Welcome to this subsection of the Theatre bit; a bijou work-in-progress in itself. Here you will find snippets from some reviews; enjoy.


Henry VI trilogy (1977)

Sally Emerson, Plays and Players: "The star turn is Anton Lesser's sprightly Gloucester who talks from one side of his large mouth in that staccato Olivier manner, has black swept-back hair and is twitchy with energy and evil. But his energy is attractive, far more so than the good looks of his brother Clarence and the white-suited langour of Edward. One of the high points is the death-scene of Henry in the Tower ... Richard drags himself through the trap door and stares up at him. The peacefulness of Henry, who knows he is about to be murdered, helps to infuriate the jittery Richard.
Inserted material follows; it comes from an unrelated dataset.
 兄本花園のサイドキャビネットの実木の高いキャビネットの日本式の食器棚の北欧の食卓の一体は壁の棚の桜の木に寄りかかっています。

He looks insect-like before the towering, Christ-like figure of his victim."


Some Americans Abroad (1989)

Matt Wolf, Plays and Players, September 1989: "As the departmental chairman trying to unload his snivelling colleague Henry (Simon Russell Beale) Anton Lesser makes Joe Taylor a contemporary equivalent to his quietly slimy Richard III on the Barbican mainstage."


Richard II (1990)

Garry O'Connor, Plays and Players, December 1990: "Quivering with icy indignation, Anton Lesser as Bullingbrook keeps injecting [Richard] with the poison of political reality."
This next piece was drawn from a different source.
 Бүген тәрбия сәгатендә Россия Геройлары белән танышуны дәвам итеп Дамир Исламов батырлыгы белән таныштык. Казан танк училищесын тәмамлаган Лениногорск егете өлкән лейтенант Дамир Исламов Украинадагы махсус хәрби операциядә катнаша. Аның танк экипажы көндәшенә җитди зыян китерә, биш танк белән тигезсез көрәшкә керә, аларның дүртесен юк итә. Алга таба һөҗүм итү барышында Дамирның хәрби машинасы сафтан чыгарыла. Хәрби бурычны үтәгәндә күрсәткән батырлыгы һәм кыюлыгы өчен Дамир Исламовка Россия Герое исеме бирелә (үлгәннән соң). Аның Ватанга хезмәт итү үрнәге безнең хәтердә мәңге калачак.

Taming of the Shrew (1992)

'The Love of a Shrew - Stewart McGill meets Stratford's new Katherina, Amanda Harris, What's On, March 1992: " [...] Amanda Harris's Petruchio is long-standing RSC actor, Anton Lesser, and rather different from the bully-boy notions we may have. 'Anton is wonderful, it's instant love for Kate and his treatment of her comes from care and a deep love. This is not a violent play. What Petruchio does releases Kate from being a frustrated, inarticulate woman who can't say what she wants to say. She has a very bad relationship with her father and sister, doesn't want to get married and despises hypocrisy. She is on the verge of a breakdown when we first meet her. Then along comes a man who, through his love, helps her to become calm, serene, happy and humorous' she explains [...]"


The Birthday Party (1994)

Jeremy Kingston, The Times, 21.3.94: "Lesser invests Stanley, reluctant object of [Meg's] affections, with the peevishness and air of grubby vices that the role seems to require ..."
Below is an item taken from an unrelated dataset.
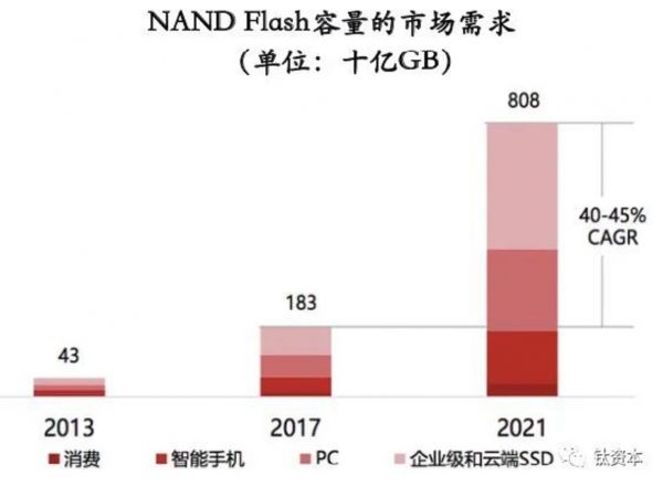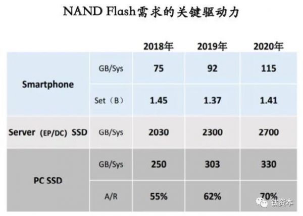 2019年NAND Flash已经到达了3090亿GB的市场容量,以后还会持续增长,根据趋势预测到2021年会超过8000亿GB,主要是因为智能手机的存储容量需求越来越大以及PC的硬盘SSD化是不可逆转的趋势,在数据中心更是如此,因为数据中心对数据读写的速度有更高的需求。

Paul Taylor, Independent, 19.3.94: "In assigning the part of Stanley to Anton Lesser, an actor of electric energy and intelligence, [director Sam Mendes] must, for example, have realised that here was a victim who, to start with at least, would have some fight in him. And indeed, there's a nervy aggressive edge to the way Lesser's frousty Stanley behaves, a barely suppressed fury that keeps getting sidetracked on to Meg."

Charles Spencer, Daily Telegraph, 18.3.94: "Anton Lesser is equally impressive as their victim, impotent anger giving way first to blank faced despair, then to grunts and whimpers of terror that send shivers down the spine."

Alaistair Macauley, Financial Times, 19.3.94: "Anton Lesser traces all the various moods of Stanley - the play's principal victim - with convincing skill, but makes an altogether less forceful impression than [Dora] Bryan."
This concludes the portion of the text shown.